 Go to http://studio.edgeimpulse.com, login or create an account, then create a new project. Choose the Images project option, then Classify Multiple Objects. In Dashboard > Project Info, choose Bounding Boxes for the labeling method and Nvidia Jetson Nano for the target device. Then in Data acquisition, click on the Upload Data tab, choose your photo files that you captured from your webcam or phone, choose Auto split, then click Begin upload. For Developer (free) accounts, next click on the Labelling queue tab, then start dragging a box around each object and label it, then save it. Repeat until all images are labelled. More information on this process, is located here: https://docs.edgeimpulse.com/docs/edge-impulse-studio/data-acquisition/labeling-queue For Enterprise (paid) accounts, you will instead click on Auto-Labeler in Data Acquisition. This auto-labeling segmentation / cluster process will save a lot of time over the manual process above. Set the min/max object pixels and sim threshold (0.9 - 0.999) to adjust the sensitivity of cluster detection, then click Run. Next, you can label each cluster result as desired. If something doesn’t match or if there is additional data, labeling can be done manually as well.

---

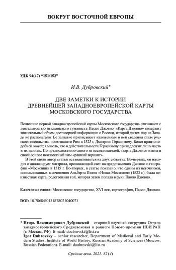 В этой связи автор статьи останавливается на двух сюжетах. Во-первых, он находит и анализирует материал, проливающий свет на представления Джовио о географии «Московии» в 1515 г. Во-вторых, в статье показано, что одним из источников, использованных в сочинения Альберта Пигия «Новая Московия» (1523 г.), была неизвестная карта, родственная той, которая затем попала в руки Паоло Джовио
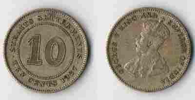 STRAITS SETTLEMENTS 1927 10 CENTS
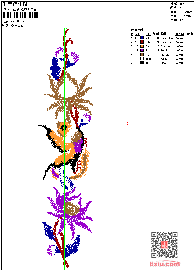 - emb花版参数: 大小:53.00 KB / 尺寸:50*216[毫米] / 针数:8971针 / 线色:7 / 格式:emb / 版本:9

_What is being asked_.
Give exactly the lines above that run from the line with "STRAITS SETTLEMENTS 1927 10 CENTS" to the line with "- emb花版参数: 大小:53.00", both included, leaving every picture out.

_Result of the exercise_.
 STRAITS SETTLEMENTS 1927 10 CENTS
 - emb花版参数: 大小:53.00 KB / 尺寸:50*216[毫米] / 针数:8971针 / 线色:7 / 格式:emb / 版本:9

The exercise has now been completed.